Canal 6 (previously known as Telecentro) is a private Costa Rican television channel, owned and operated by Repretel. It is the flagship TV station of the media group.

==History==
The channel was founded on September 12, 1965 as Telecentro Canal 6, led by Costa Rican and Panamanian investors, led by Mario Sotela Pacheco and support from the US network NBC. Early in its history it also had shares from Spanish company Movierecord. The station would become the main competitor of Teletica and had an agreement with Mexican network Televisa to air its programming.

In 1976, the station launched its newscast (Notiseis). By then it had bought Telesistema Nacional (channel 2) and made it a partial relayer of Telecentro, which remained this way until 1982.

In 1995 under tough TV market conditions, the Corporación Costarricense de Televisión of the Sotela family, decided to lease the TV station to Repretel for 10 years. Its largest shareholder, Mario Sotela Blen, became a part of Repretel 6's directive as a "commercial associate". By 2007, the lease ended, and Repretel bought the station, ending the rumors of Telecentro Canal 6's comeback.

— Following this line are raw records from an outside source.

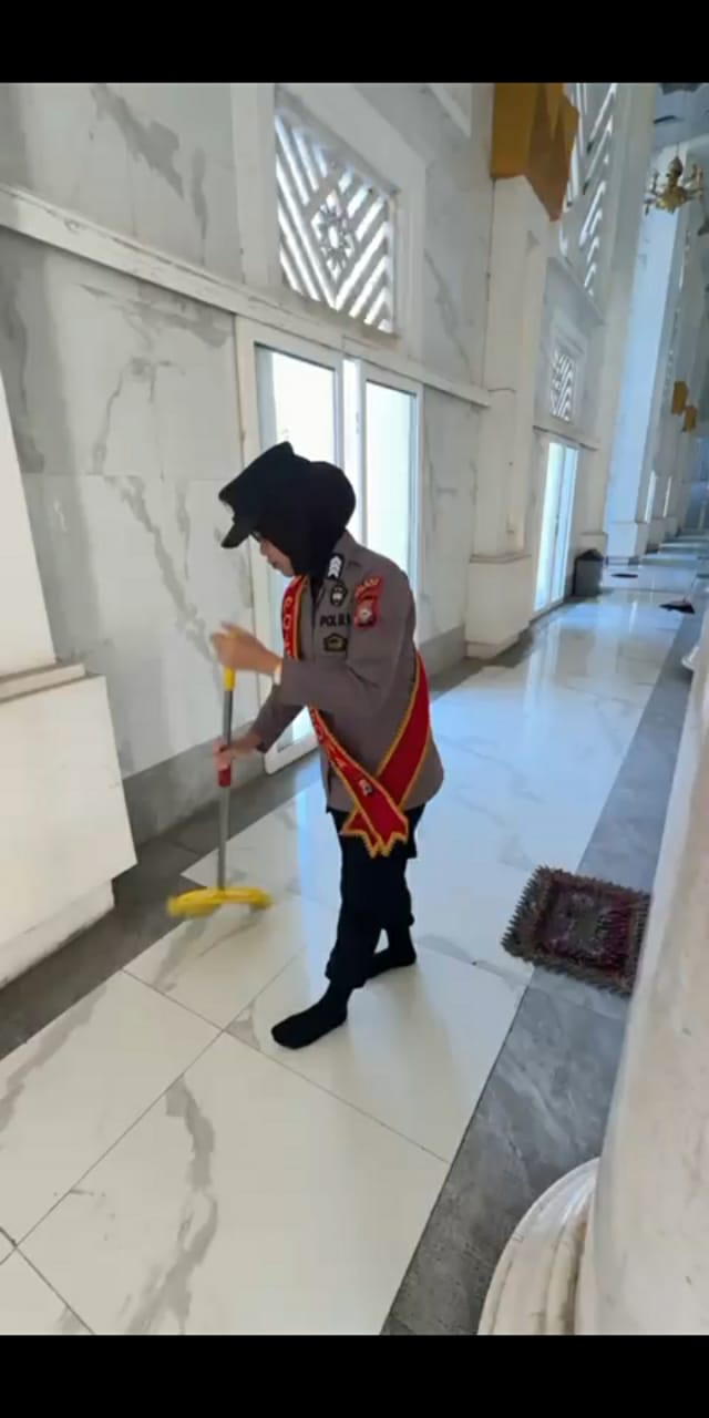 Dengan mengenakan seragam dinas, para Polwan tampak antusias dan kompak membersihkan area dalam masjid, tempat wudhu, halaman, hingga fasilitas umum lainnya. Aksi tersebut juga bertujuan menciptakan lingkungan ibadah yang bersih dan nyaman bagi para jamaah.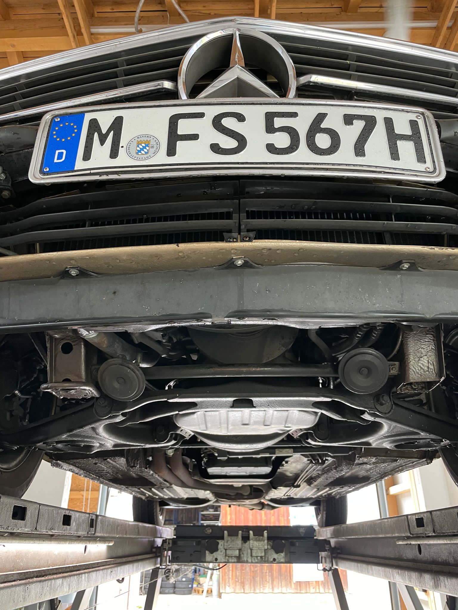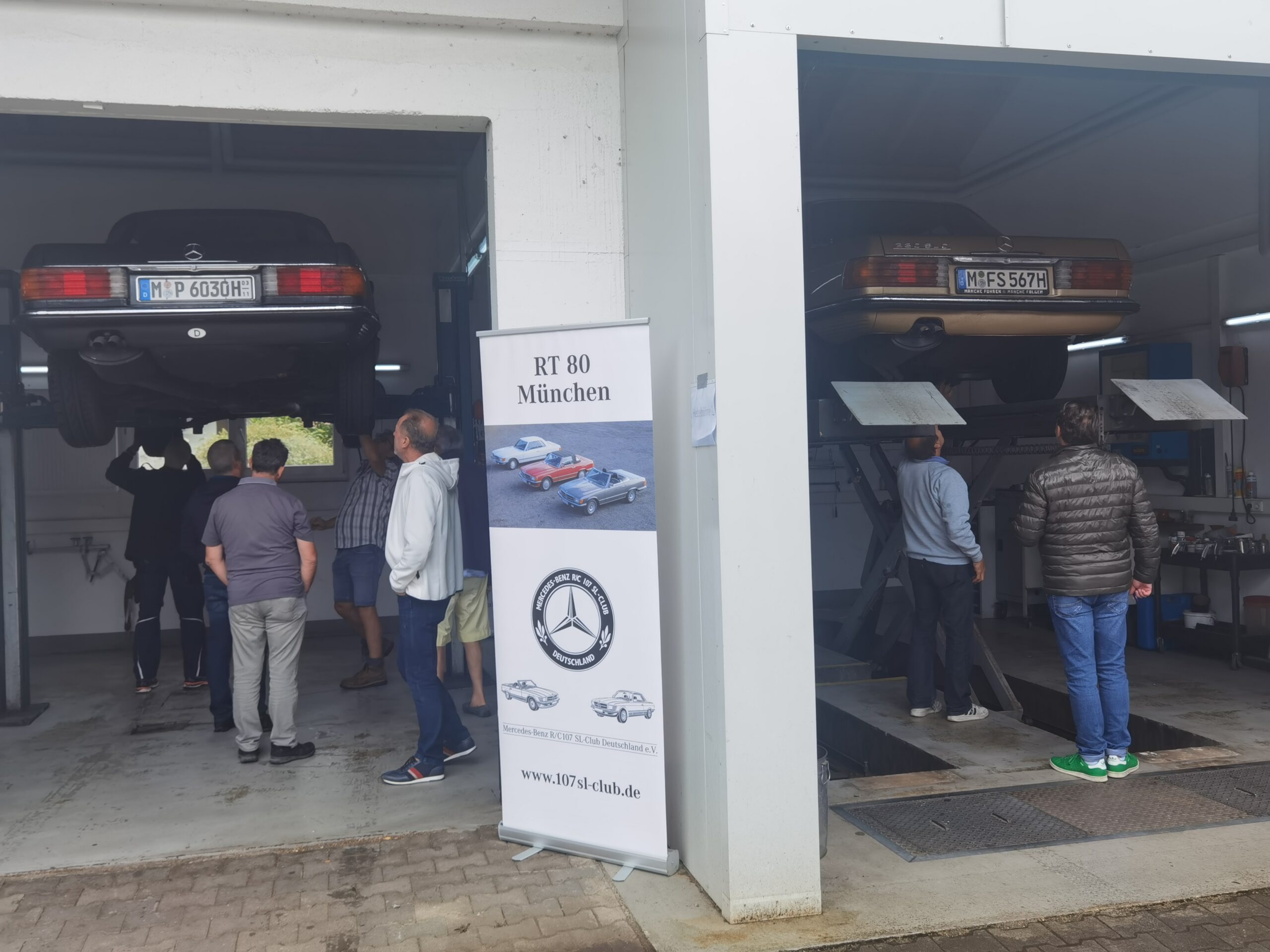 Auf 2 Hebebühnen wurden die Fahrzeuge abwechselnd von unserem Technikbeauftragten Dr. Heiner Sattel und von Michi Huhmann als weiteren Sachverständigen unter die Lupe genommen. Kleinere Reparaturen wurden sofort ausgeführt und auch die in der letzten 107-Klassik angesprochenen Schmierung der Lenkanschläge wurde mit durchgeführt.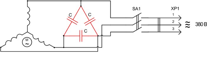 В качестве трёхфазной батареи конденсаторов хорошо использовать так называемые ком-пенсаторы реактивной мощности, предназначенные для улучшения соsφ в промышленных осветительных сетях. Их типовое обозначение: КМ1-0,22-4,5-3У3 или КМ2-0,22-9-3У3, которое расшифровывается следующим образом. КМ - косинусные конденсаторы с пропиткой минеральным маслом, первая цифра-габарит (1 или 2), затем напряжение (0,22 кВ), мощность (4,5 или 9 квар), затем цифра 3 или 2 означает трёхфазное или однофазное исполнение, У3 (умеренный климат третьей категории).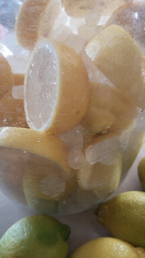 Making lemon syrup is very easy. First, slice some lemons.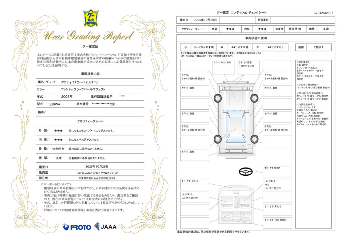 車両保証(TTクーペ 2.0TFSI:Tauros Japan CHIBA タウロスジャパン千葉)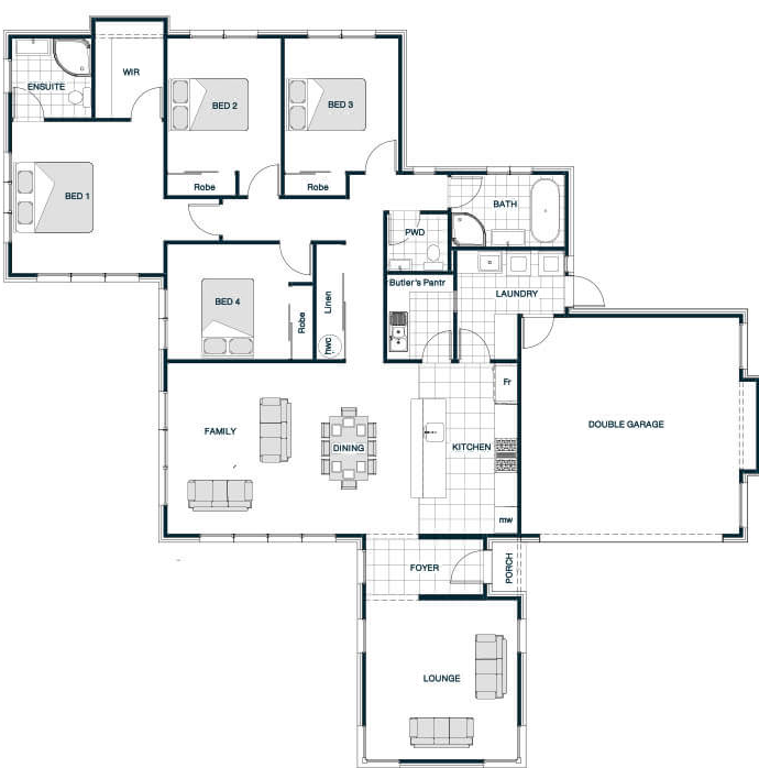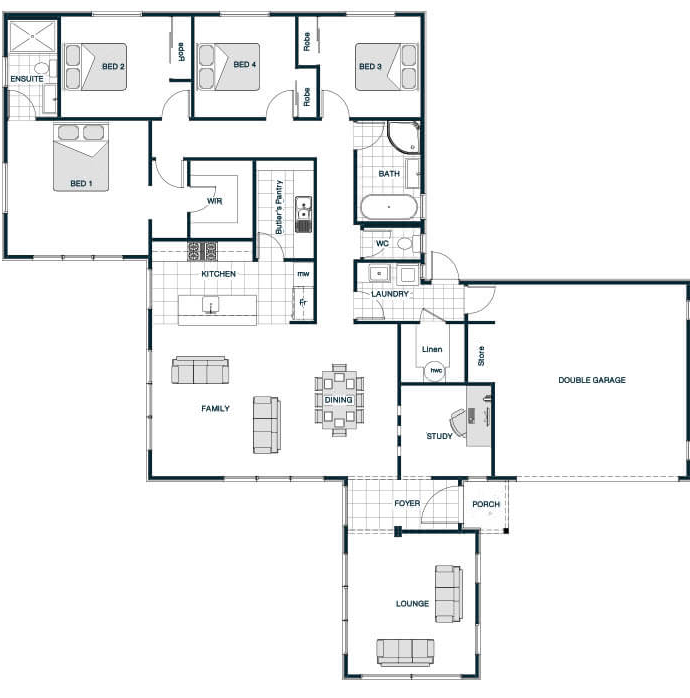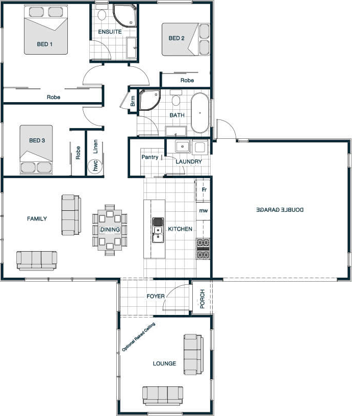 The Suffolk Gable Roof plan delivers classic charm with its pitched roof and inviting facade. Inside, vaulted ceilings add volume and openness to the large, connected living, dining, and kitchen spaces. The four-bedroom layout prioritizes comfort and privacy, featuring a master suite with ensuite and walk-in robe. This design blends timeless appeal with contemporary living for families seeking both elegance and practicality.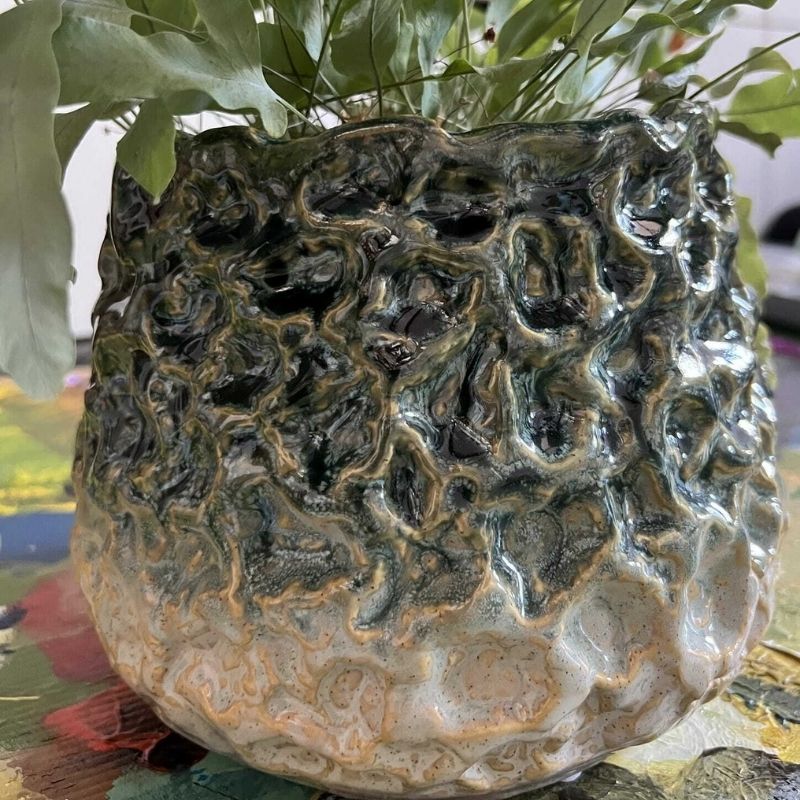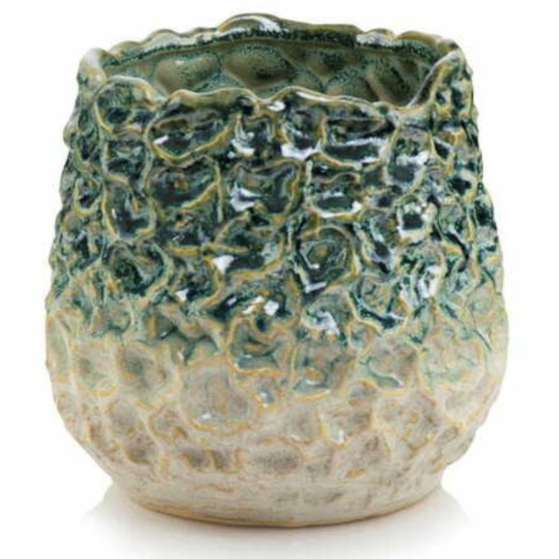 Keramični lonec iz kolekcije Home Gardensz notranjo in zunanjo glazuro ter edinstveno valovito teksturo, ki ji daje umetniški značaj. Barvna shema je umirjena bela krema s turkiznimi in modrimi odtenki, spominja na morsko deklico in tropsko plažo.

It became the third owned and operated station of the group and flagship of the other two.

==Programming==
Main programming consists of imported shows and soap operas from Univision and Telemundo, also has three daily news programs and carries sports programming of the network, especially Liga Deportiva Alajuelense, Club Sport Herediano, Costa Rica national football team and Fifa World Cup football games.